Hello all, first time poster here. I live on Long Island and we are about to get hit hard by this storm. I was scrambling to buy a genny yesterday and FINALLY got lucky and called Lowes and they just got a emergency shipment in so i waiting in line and bought this genset. Well I must say I am a bit disappointed because I did reviews on this genset(yes after I bought it due to circumstances) and overall it seemed to get pretty bad reviews. A bunch of people even said it should have been recalled because of the fuel leak problem. Well we just went back to Lowes to get another extension cord and I asked the manger about exchanging it( when we bought it they said absolutely NO returns). I told him I already out gas in it and ran it and probably would again when we lose power today/tonight. He was a bit leary but said if it was NOT a return but an exchange it should not be a problem. Boy was I happy this $700 price tag is a lot for us. This generator is very convenient with the handle and wheel so i wish I could keep it but there really are an overwhelming amount of bad reviews. Jut curious if anyone else had any experience with this? Thanks.


----------



## Shawn MacAnanny (Oct 27, 2012)

I used to drive a tractor trailer for lowes. During the bad snow storm a couple years back i had to pick up a load of generators, they come from some emergency storage warehouse shared between home depot and lowes. I picked up about 40 of them, all with Home Depot stickers on them from 3 years prior to that storm so who knows how long they sit in the warehouse. I wouldnt trust them them too much. That's why there is no return, its not a normally stocked item.


----------



## mstrlucky74 (Oct 29, 2012)

Thanks for that info. I will try to call Generac tomorrow and give them the serial number etc. and try to find out when this machine was produced. I must say it ran great for the two days I had it running. I did the following.

1. Used Sta-bil fuel stabilizer in my fuel.
2. I changed the oil(used 10w-30 synthetic blend) after using it for about 20 hours.
3. After About 30 hours of use(I gave it about a 1/2-45min break every time I refueled) our power came back on. I ran it until empty.

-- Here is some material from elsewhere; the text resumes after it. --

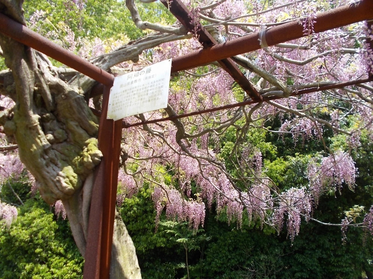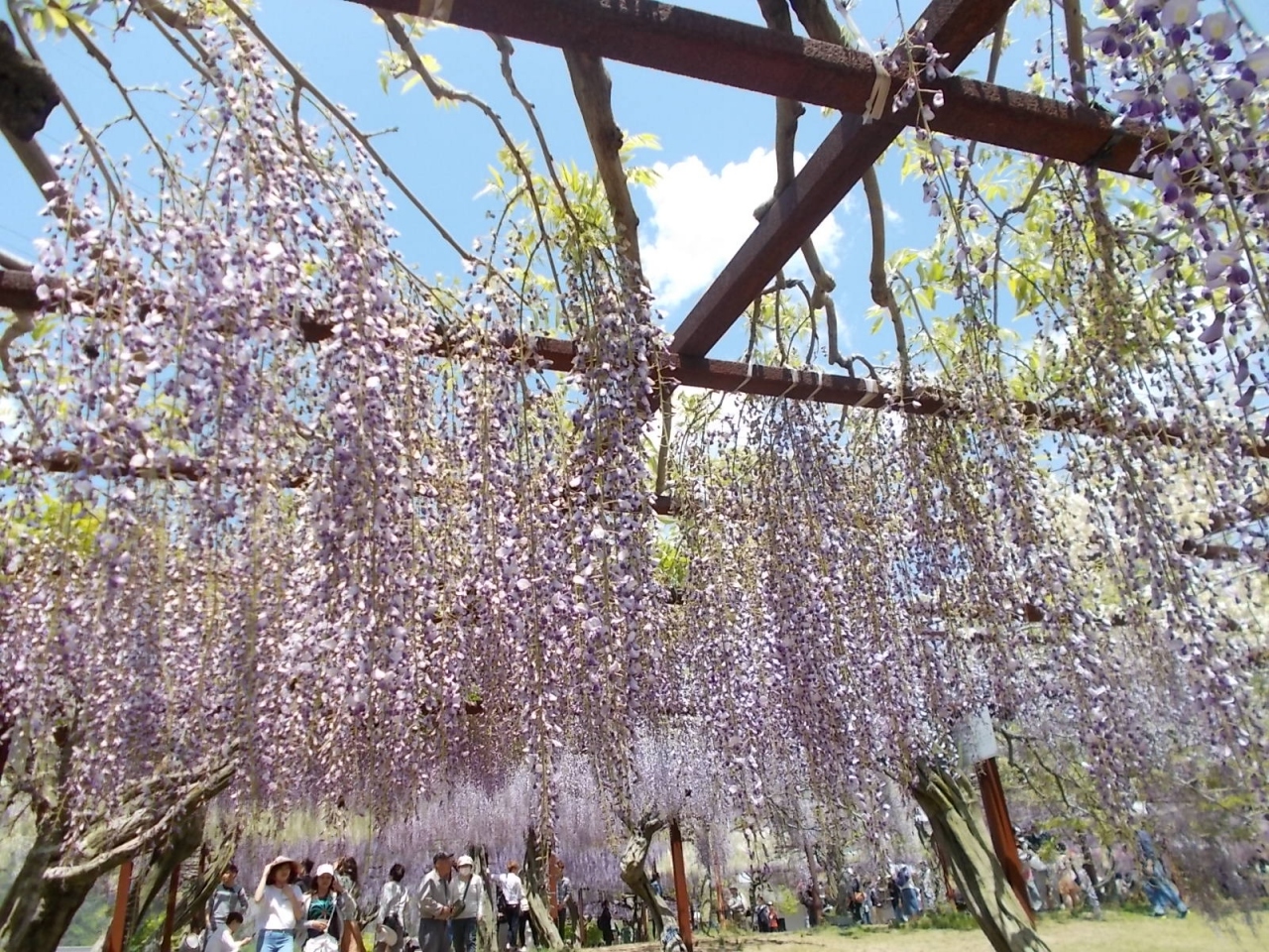 全国各地や中国などのいろんな品種の藤が植えられていて、広い藤棚全体が満開になっている様は壮観です。これだけの規模の藤棚はなかなかありませんし、広島県の三永水源地など大規模な藤棚があるところも樹勢が衰えて花があまり咲かなくなっているので、勢いよく咲いているここは貴重な存在だと思います。JR和気駅からやや距離がありますが、川沿いに歩いていけば着くのでわかりやすいですし、藤公園に向かう観光客のクルマは別の道を通るので、交通量も少なく景色も良くて、多少距離があっても気持ちよく歩けます。

I am debating if I should exchange it or not. Thanks.


----------



## RAnst4038 (Dec 27, 2011)

*If it ran this long I'd keep it.*

Have you ever seen a video of these things being built? It's not the Harley line at the York plant. It's the insane speeds there built that cause the problems. If it ran 30 hours it's together right. If it's new it doesn't matter how long it sat. Everything is coated with thick clear protectant if it's done right.


----------



## Jones (Nov 11, 2012)

Return Policy? They do that because many many people that buy a generator during an outage will get through the outage and then return the unit because they dont need it any more. Id check the store policy on returns before I purchase.

Cheers
Jones


----------